My father and I were polar opposites and yet we were exactly the same in those things that matter. As I grew up, I got his sense of humor, his wit and ability to say exactly the wrong thing in any situation. He gave me my love of all things automotive. We both were as happy as can be when ripping down the highway with the top down. In fact, we got to take a nice drive in the SLK with the wind in our hair and the airscarf keeping us nice and toasty. He loved SciFi but will not admit it. In fact, he introduced me to science fiction when he took me to see "Star Wars" and "Star Trek: The Motion Picture" as a kid. We both love to read and we loved to debate on topics to numerous to count. I credit him with my morality and sense of fairness. Needless to say, I am happy to say I am a lot like my dad.

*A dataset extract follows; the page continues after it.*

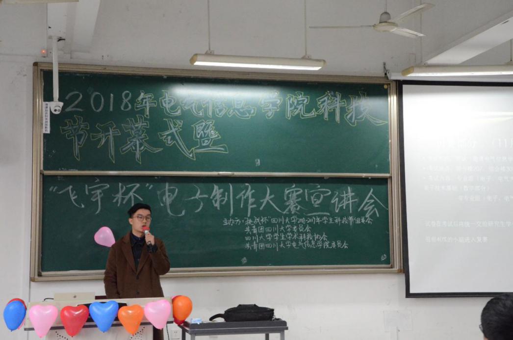 11月17日,电气信息学院科技节开幕式暨“飞宇杯”电子制作大赛宣讲会在江安校区综合楼C座207教室成功举办。电气信息学院党委副书记戴婷婷老师,教导员李小根老师,团委副书记汤博老师,2018级辅导员、分科协辅导老师卜涛老师以及各参赛组员参加本次活动。
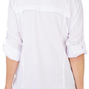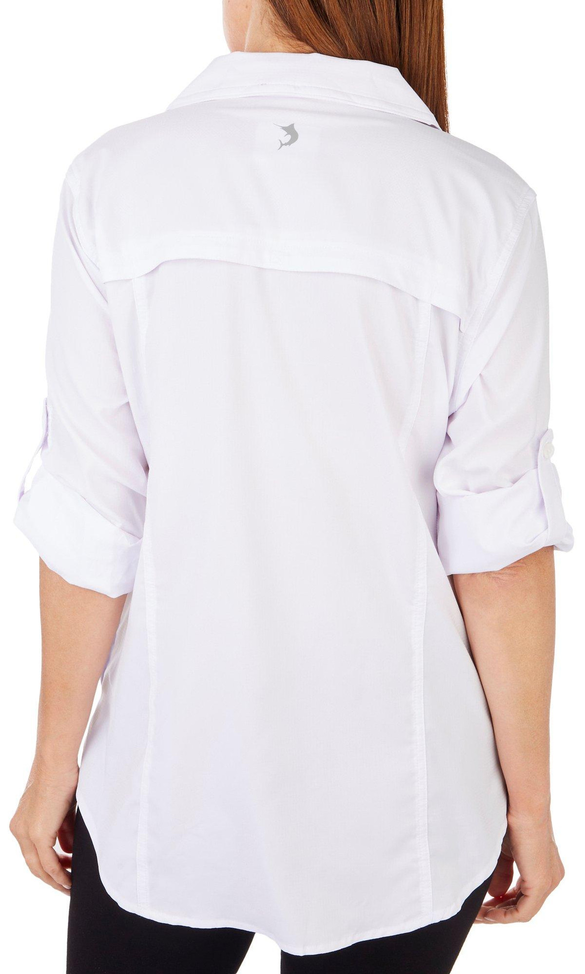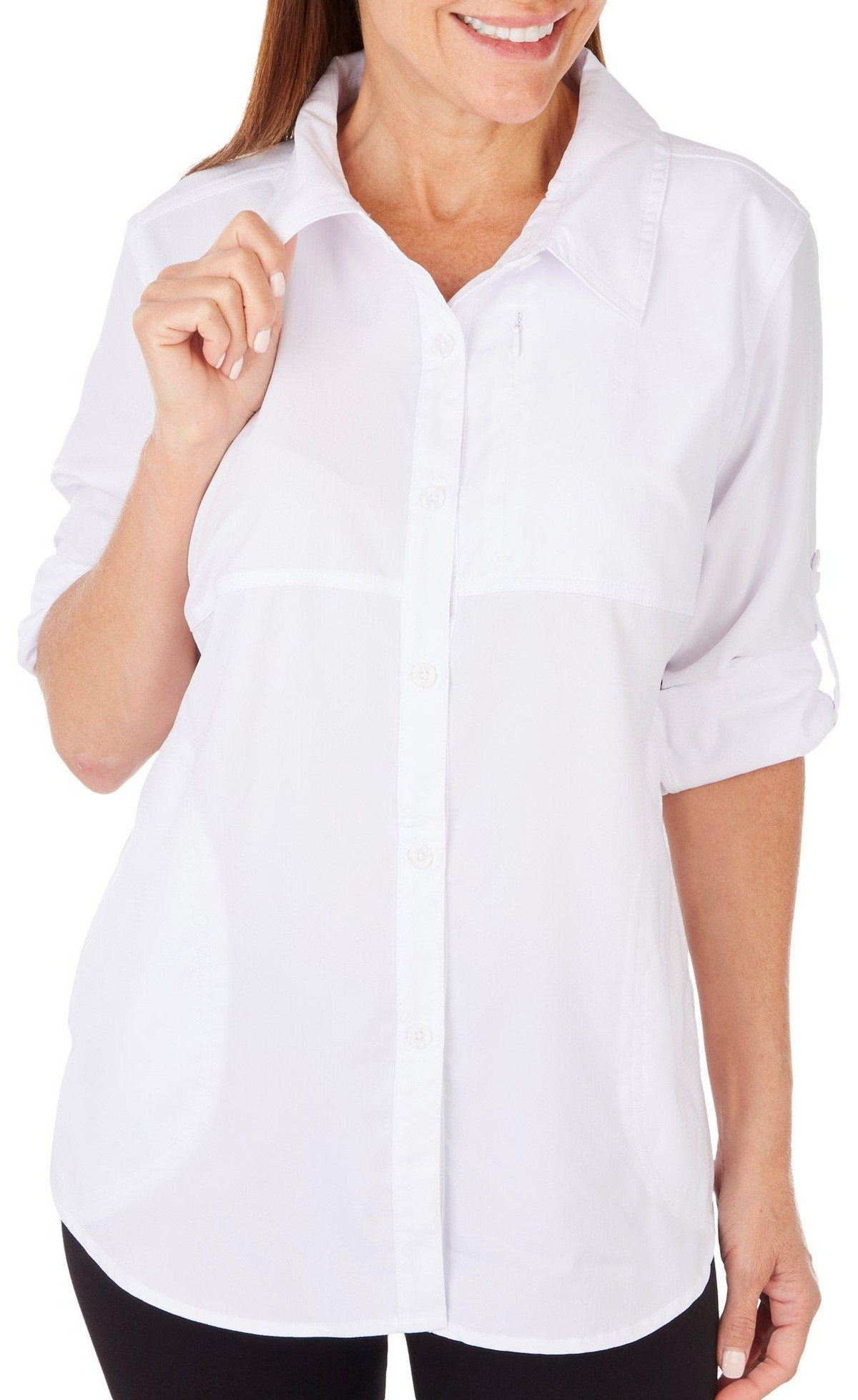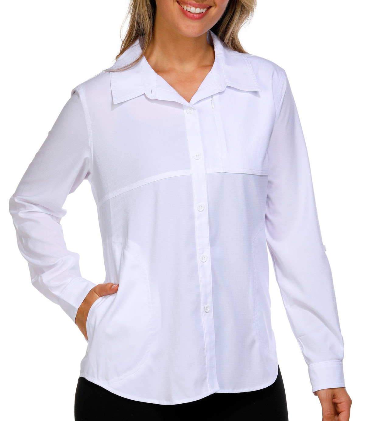 This long sleeve top features a solid color design on lightweight woven fabric, a point collar with button-down styling, zipper chest pocket, two front hand pockets, a vented back detail, roll tab sleeves, moisture wicking and quick dry technology, and UPF 50+ sun protection. The top length measures approximately 24 in. Fabrication 100% polyester.

Many children have a difficult time creating relationships with their parents as they grow up. My father and I were able to make the jump from parent/child to a healthy adult relationship. I would go to him for advice on those things he was uniquely qualified and he would do the same with me. For a father to finally accept his Son as an equal has to be hard. I was very proud of him for being able to make this transition and I know that he was always proud of me for the things I have achieved and the person I have become.
My father was probably my best friend in the world and I will miss him.
This morning after his morning run, my father passed away from a massive heard attack. It was very unexpected for all of us as he is only 55 and in great health. Personally, I feel like I am not old enough to be going trough the loss of a parent. I know it can happen at any time from childhood to old age but it seems like something that usually happens to people much later in life after they have had time to prepare. Today has probably been the most difficult day in my life. I guess, it's the kind of day that one can only understand after having experienced it.
This year has been very difficult for me. 2006 will not go down as one of my favorites and I have been thankful that my family was there during stressful times. Beginning today my family will no longer will be be the traditional family I have relied on for 34 years. Instead, we will be a new kind of family. We will change. We will learn new ways to interact. We will take on new roles and hopefully each of us will grow....but I am thankful, we will still be a family.